Yet, what happens on those occasions when wolf-whistles and cat-calls turn into things far more sinister? What happens when someone reading a Facebook post about spray painting a woman, decides to pull at her “non-regulation” saree blouse sleeve when he sees her walking past, just for a bit of fun? What happens when that same hand teasing at her sleeve, gets a little carried away and converts into one that is far more aggressive and invasive? He will blame it on the saree blouse and as for her, well, she was given ample warning, wasn’t she?
All of this vigilante fashion policing is so last season and really, just needs to stop. In any case, it is pointless singling out specific items of attire for critique, as it has been proven, time and time again, that a woman being harassed or violated has nothing to do with her clothing and everything to do with the perpetrator behind those actions. Women have been harassed and assaulted whilst wearing short skirts but also whilst wearing tudungs. Women have been leered at inside night clubs but also inside places of worship. Women have been touched, grabbed and groped on lonely dark streets but also on packed public transportation in broad daylight. So clearly, the problem lies not with a woman but with those who choose to view and interact with her in an inappropriate and illegal manner.
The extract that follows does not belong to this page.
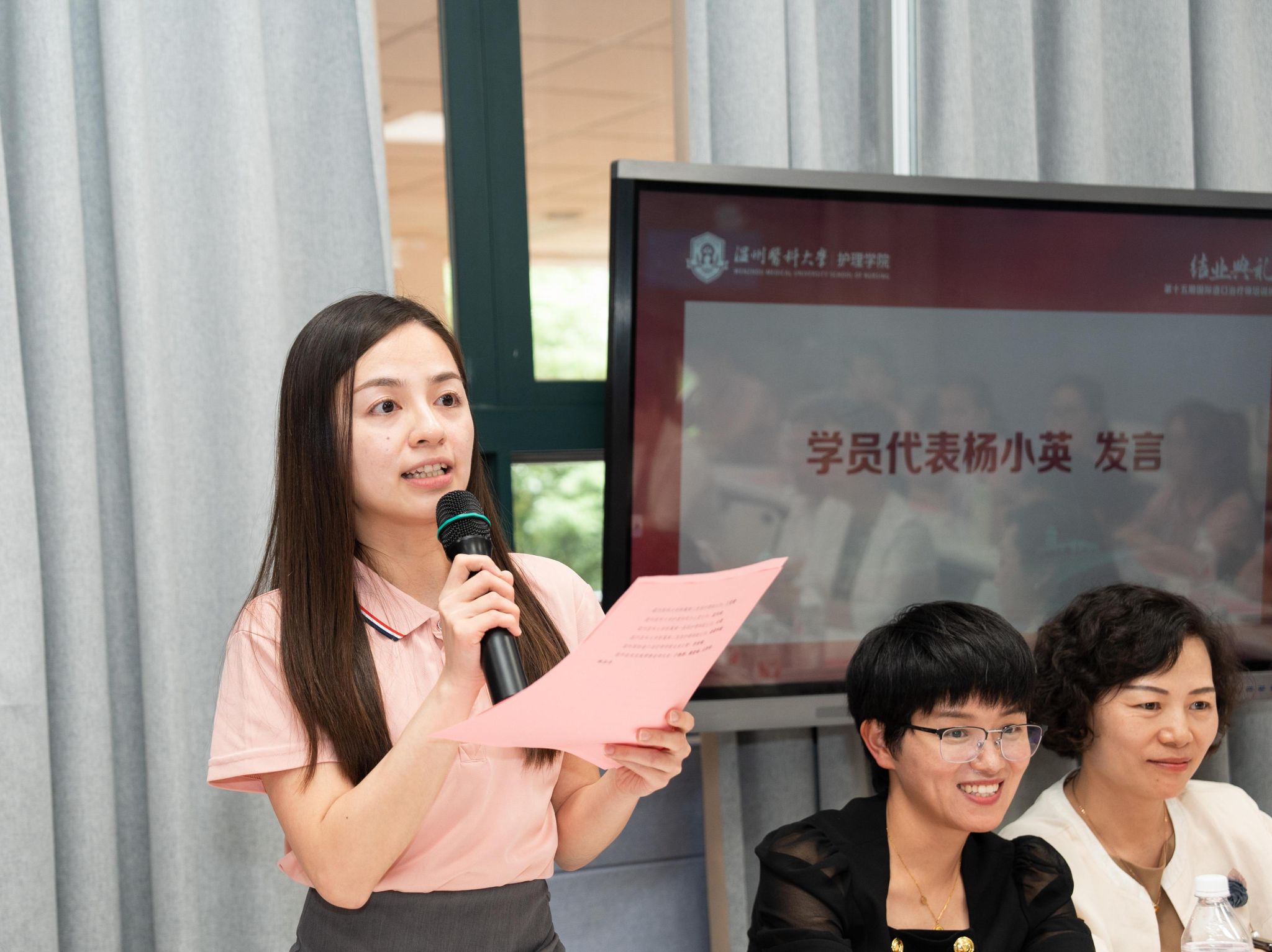 来自澳门的学员代表杨小英发言,对老师们的辛勤付出表示感谢,并表态将把学校所学到的知识和技能运用到实践中,为造口伤口专业的发展贡献力量。
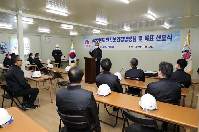[하비엔=홍세기 기자] 부영그룹이 현장 근로자 안전관리 및 안전보건경영 강화에 최우선에 둔 ‘2022년도 안전보건경영방침 및 목표’를 수립했다. 최양환 대표이사 및 임직원들은 지난 12일 서울 용산한강로 3가 소재 부영아파트 신축공사 현장에서 안전경영 실천 의지를 높이기 위한 ‘2022년도 안전보건경영방침 선포식’ 행사를 가지기도 했다.

Women are their own bosses
To these individuals, I offer a very simple explanation. A woman’s self-worth and self-esteem is determined by her and her alone, against the standards she chooses to set for herself. Her value is not determined by the design of her saree blouse, nor by her family, friends and strangers. She is not defined by what she wears and how she looks, as tempting as it may be to draw understanding and conclusions from such superficial criteria. How she chooses to present herself and her body to the world, is entirely and exclusively her prerogative, within the boundaries of legal and moral considerations. Considerations that are hers and hers alone to make. If how a woman dresses displeases you, then by all means, feel discontented and disgruntled, for that is your right, but don’t for a single second confuse feeling offended, with feeling encumbered with the burden to act on those feelings. You are welcome to have judgemental thoughts but you are not allowed to act on them in a physical manner.
I, along with every other woman out there, has the right to decide on my hem-line, my neck-line and when and where to draw-the-line. Your role is actually, exceedingly simple; to show respect for each and every one of those lines, at all times.